Though all these variables make it difficult to propose a cookie-cutter, one-size-fits-all target lump sum, let’s look at what ASFA says you need, so you at least have a starting point.
So how much do you really need to have in super to retire?
I mentioned earlier that ASFA uses a different lump sum approach to the accumulate-and-bequeath idea behind the $1 million lump sum.
The two key differences in that approach and therefore its dollar estimate are:
1. You eventually draw down (or spend) all of your super, and as that happens
2. You gradually receive more and more aged pension to top up your income over time.
So, what is the lump sum it says the average Aussie who wants a comfortable retirement needs?

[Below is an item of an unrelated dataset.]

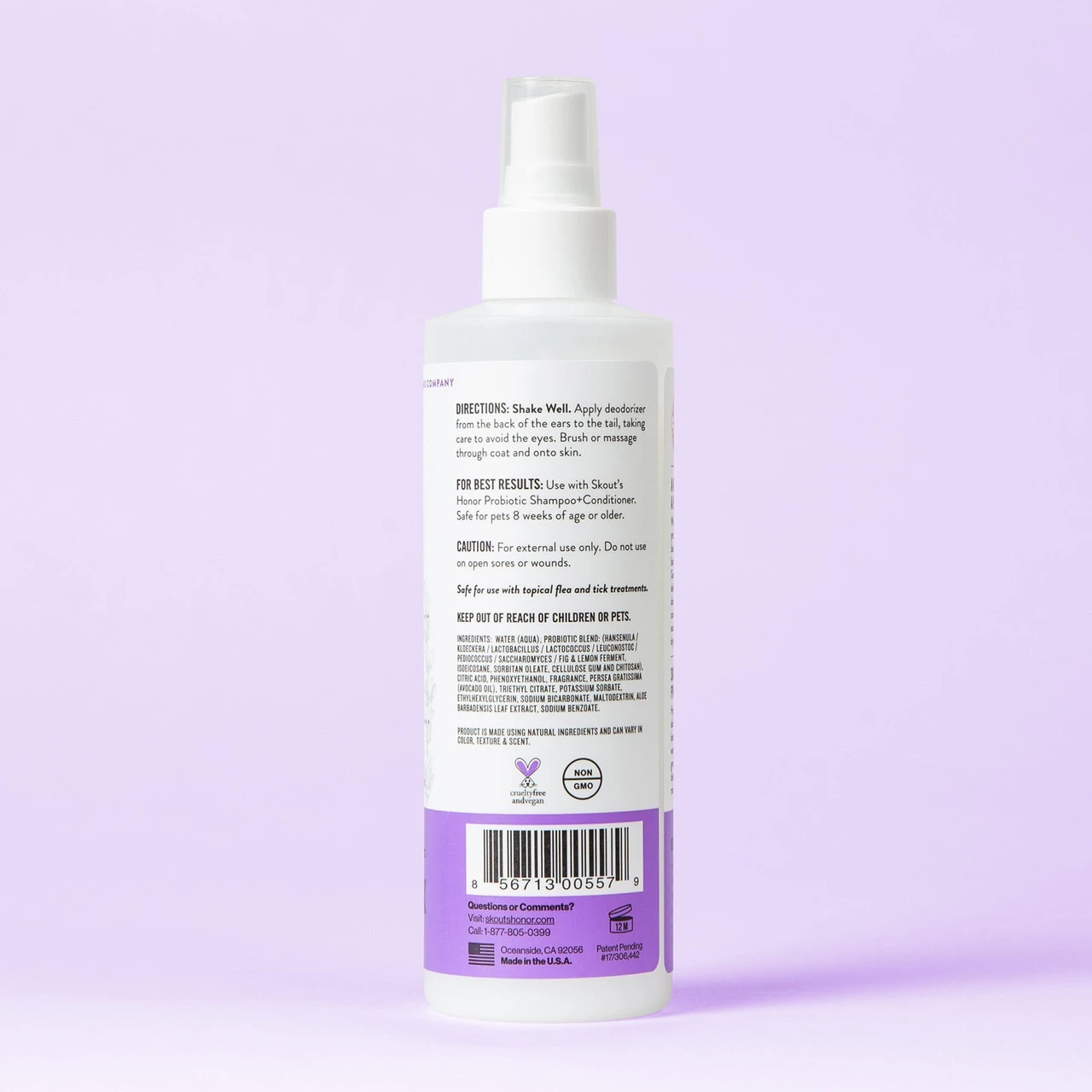 Our cat and dog deodorizing spray hydrates and deodorizes the skin and coat for a fresher, better-smelling pet in between washes. It contains avocado oil and topical probiotics that help support a healthy microbiome to defend against common skin problems such as itching, odor, dryness, dandruff, hot spots, yeast and excessive shedding.

Drum roll please… it is currently $690,000 for a couple and $595,000 for a single.
That’s significantly less than $1 million but note that the lump sum for people who live on their own, who don’t split the cost of the roof over their heads, is only a shade below that for a couple.
Bottom line
Getting a fix on the precise fund balance you will need to retire comfortably requires a bit of thought. But the ASFA Retirement Standard is a good starting point for you to make your own required and desired tweaks.
I recommend going through the cost breakdown line by line – what do you think? Is that going to be you?
The next step, once you have a specific forecast weekly income number is to crunch the numbers for yourself.
The place I like to do this is at the official financial literacy portal for Australians: Moneysmart.gov.au
This lets you see what it takes in your own personal circumstances to arrive at your required income in retirement, using its retirement planner calculator.
And that’s the best goal-setting strategy – your own – to use.